Sadly for the desktop background (aka wallpaper) this is a bit more challenging. I really do like the idea to personally enable the modern desktops today. I’m not talking about BYOD, I’m still talking about a corporate device. But a modern approach for me, is a choose your own device (CYOD) policy and the ability to personalize the device in a certain degree to you personal needs. For this I really want users to let them define their own wallpaper. They should walk away with their new device and think, “Hey, I really love my newly chosen device and I’m able to make it personal”. This way people can be productive as their device fits their individual needs. It serves how they work and they feel esteemed by their company. In fact this is for some younger people a hiring reason. Many people sit in front of their devices 8h and more a day. So the Intune native configuration profile option to set a fixed wallpaper is not going to fit in my approach. I want people to make the desktop more personal.

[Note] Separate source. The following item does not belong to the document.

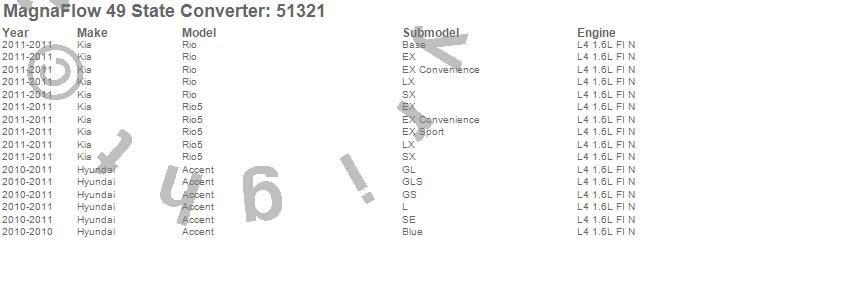 Below is an abreviated list of applications for the Direct Fit Catalytic Converter.

I want to set a predefined wallpaper and let the user change it later on if he likes to. Trying to make him happy and let his family picture generate a smile on his face :-).
As Intune only has the option to set it fixed, I wrote a small script to do this job for me. There are a lot of other solutions out there covering this topic, this is now my approach. I wanted to have a similar approach like Intune, pointing to a public URL, I’ve chosen a Azure blob storage to store the wallpaper images. To provide the best user experience I implemented a small extra logic to find the aspect ratio of the primary monitor. For example, most laptops nowadays come with a ratio of 16×9 or 3×2. So, the script is figuring out the aspect ratio and downloads a wallpaper fitting this aspect ratio. By definition for a 16×9 aspect ratio it will download the file wallpaper-16×9.jpg from the Azure blob storage. This way I can provide the correct wallpapers for every device with little effort. I just have to create them and upload them to the Azure blob storage account. If you don’t like to provide so many different wallpapers, I do a fallback. If a wallpaper for the determined aspect ratio is not found, I try to get one which is mostly compatible. For example a 4×3 display is detected and the image is not available, I will do a fallback download to 3×2.
As the lowest common denominator you have to provide 2 wallpaper images on the Azure blob storage. In the fallback case all aspect ratios will be mapped to one of these ratios:
- wallpaper-16×9.jpg
- wallpaper-3×2.jpg
Here an example of a Azure blob storage container:

The access level must be set to anonymous read access (anonymous access is totally okay for wallpapers in my opinion, nothing to hide or containing relevant information, keep it simple):

So, if everything is setup for the wallpaper storage, you have to upload the PowerShell script to Intune. The script figures out the aspect ratio and gets the correct wallpaper image and sets it for you. The script must be configured to run in user context of the logged on user:

If you later decide to update the picture you can simply replace the images on the Azure blob storage with the new wallpaper images. Then you have to re-upload the PowerShell script to Intune to trigger it again. The re-upload is necessary, otherwise Intune will not trigger the script again, as it is marked as already run.
The following logic is available in the script:
- The first run off the script, if there is no wallpaper found, the script will download and set the correct wallpaper for the aspect ratio.
- If the script is triggered to run again:
- If the current wallpaper is still our pre-defined one (registry: HKCU\Control Panel\Desktop\WallPaper) the script will go and download the correct aspect ratio image again and set/refreshes it.
- If the current wallpaper is a user-defined one, the script will not change anything.
This makes it possible to change the pre-defined wallpaper only for devices which are still having the pre-defined wallpaper set. All other devices which already set a personalized wallpapers are not touched.
Everything will be logged to “%localappdata%\temp\Set-Wallpaper.log” in the format of the ConfigMgr Tace Log Tool (cmtrace.exe), like seen below into

To get everything working just replace the Azure blob storage account with your blob container URL:

To setup an Azure blob storage account just follow this official guide here: Quickstart: Upload, download, and list blobs with the Azure portal
Update: Based on a readers comment, I would like to mention here that it is also possible to modify the wallpaper prefix, in the script example above $global:wallpaper is set to wallpaper. You can easily change this to your needs, same for the extension if you like to have .png files. Changing the prefix gives the option to target two versions of the script to different AAD groups. Example: Wallpaper script one for APAC has prefix set to apac, script two for EMEA set to emea. The blob storage can be the same(!), it just needs to have apac-16×9.jpg, apac-3×2.jpg and emea-16×9.jpg and emea-3×2.jpg. Now target APAC wallpaper script to APAC user group and EMEA wallpaper script to EMEA users group. Et voilà!
If everything went well you will see a nice fitting wallpaper applied to your device, right after enrollment with Autopilot. In this example a 16×9 wallpaper was used from the blob storage container.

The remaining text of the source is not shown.